In the conservative groups' view, nearly all congressional Republicans already voted for a 2015 budget bill that repeals most of the Affordable Care Act — so they should just pass that again. (In reality, the only way McConnell is likely to put that vote on the floor is to end the issue, even if it fails.)
If that vote doesn't happen, they'll hammer GOP leaders for not living up to their repeal promises — and if moderate Republicans don't vote for it, they'll get an earful, too. "They'd have to explain why they're damned liars" after campaigning on repeal for seven years, said Jason Pye, vice president of legislative affairs for FreedomWorks.
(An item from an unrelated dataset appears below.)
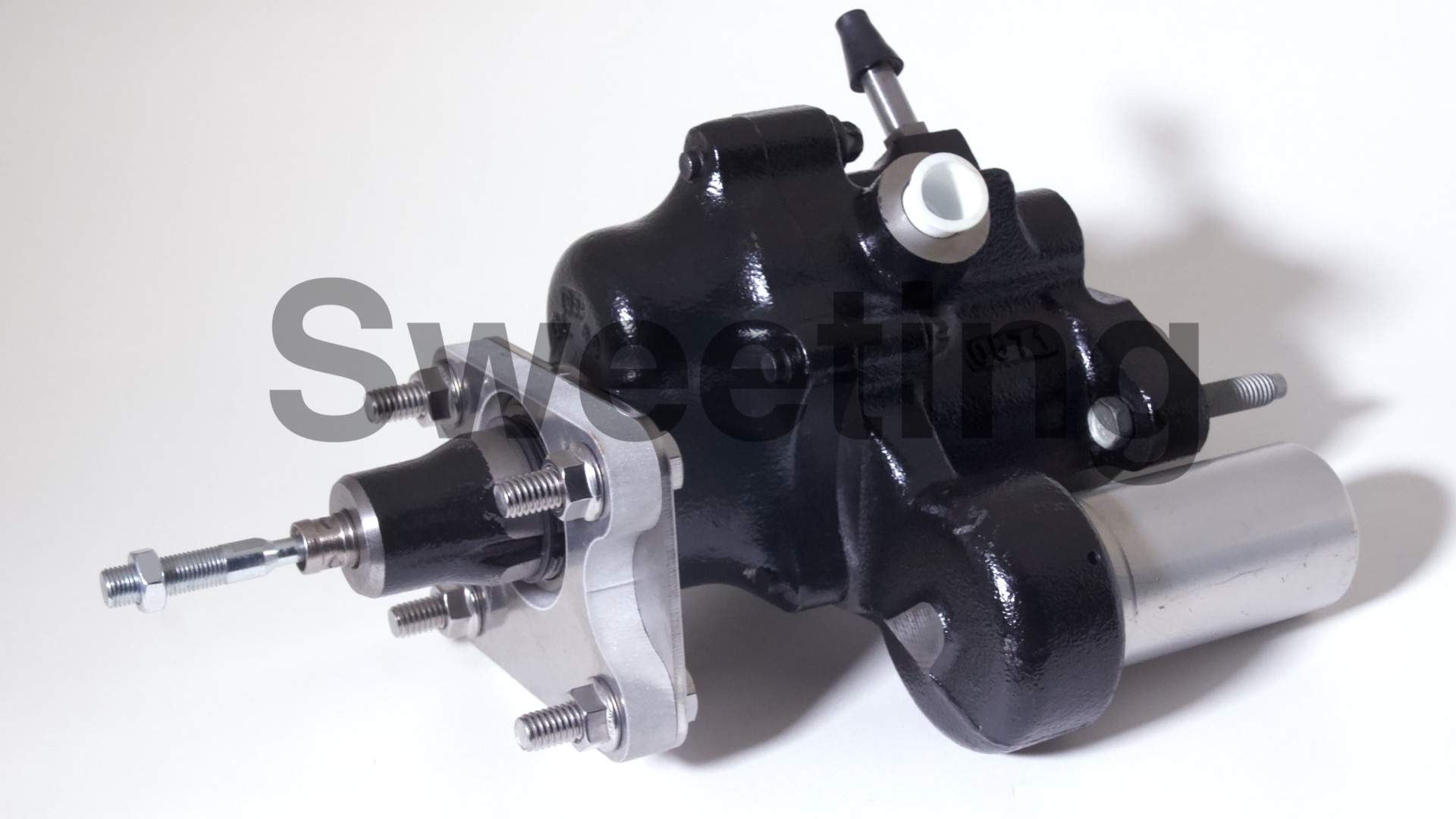 The Hydro-Boost comes standard with a durable black paint that will look good and last. We offer powder coat options, which will smooth out the bumps of the casting and look great. Units have to be disassembled for powder coat, and there is a lot of work that goes into preparing units for chrome, so there will be a longer lead time on chrome, powder coat, or other custom work.
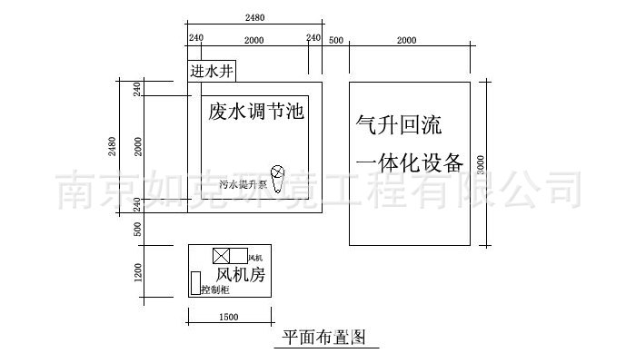 (7)(如采用风机曝气)风机房、自动控制柜:风机房单独设置,内装二台风机(一用一备),风机房和微机控制柜为一体,风机房出风管和设备进风管相连结,其距离不超过15米,其尺寸和详细说明见表2。

The individual insurance market will still need help. It's not as if it's healthy right now. The Centers for Medicare and Medicaid Services reported yesterday that there was a 38 percent drop in the number of health insurers who filed to offer Affordable Care Act health insurance next year.
The fate of insurer subsidies still has to be resolved. The Trump administration won't want to keep paying for the cost-sharing subsidies for low-income customers without funding from Congress. So Congress would have to decide whether to fund the subsidies on its own.
The ACA will be run by an administration that hates it. By now, HHS Secretary Tom Price and CMS administrator Seema Verma have spent so much time promoting the law's failures that they'd have trouble switching gears and trying to make the law work.
Any bipartisan talks will be small ball. Even if moderate Democrats agree to start negotiating a "repair bill" with Republicans, the only ideas they've mentioned so far are relatively narrow, like Sen. Tim Kaine's proposal to create a permanent reinsurance program for the individual market.